そして、京都の不思議のひとつでもある鴨川の不思議とは、三条から四条の川岸に、誰が測ったわけでもないのに、男女のカップルが見事に等間隔に座るという光景です。その間隔は大体、5メートルぐらいでしょうか。もちろん、観光シーズンで混み合ってくると、その間隔も2メートルぐらいに狭まってはきますが、それでも、不思議と等間隔に座るのです。その理由はわかりませんが、こんな説があります。

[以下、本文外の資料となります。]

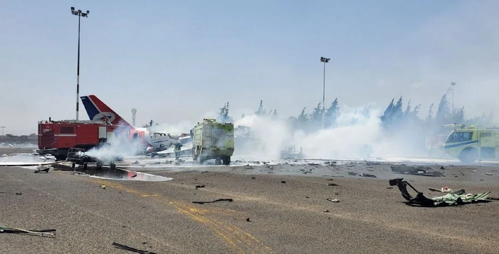 وقال مدير عام مطار صنعاء الدولي إنّ “العدو الصهيوني استهدف آخر طائرة من طائرات الخطوط الجوية اليمنية العاملة في مطار صنعاء ودمّرها”.

江戸時代の頃、三条から四条にはお茶屋が並び、芸妓さんと客である男との恋物語が繰り広げられました。中には世をはばかるというか、身分の違いなどから人目を避けて密かに会う男女が語らう場所が鴨川の川岸や大橋の下だったのです。隣のカップルの顔がはっきりと見えない距離、隣のカップルの語らいが聞こえない距離、そして、自分たちの愛の語らいが他のカップルに聞こえない距離…。これ以上、近づいて邪魔をしないでという思いは時代が変わっても変わらないということなのでしょう。愛のチカラとは不思議なモノですね。
老若男女を問わず、さまざまな世代に愛されている鴨川。初夏の鴨川をのんびりと散歩してみてはいかがでしょうか。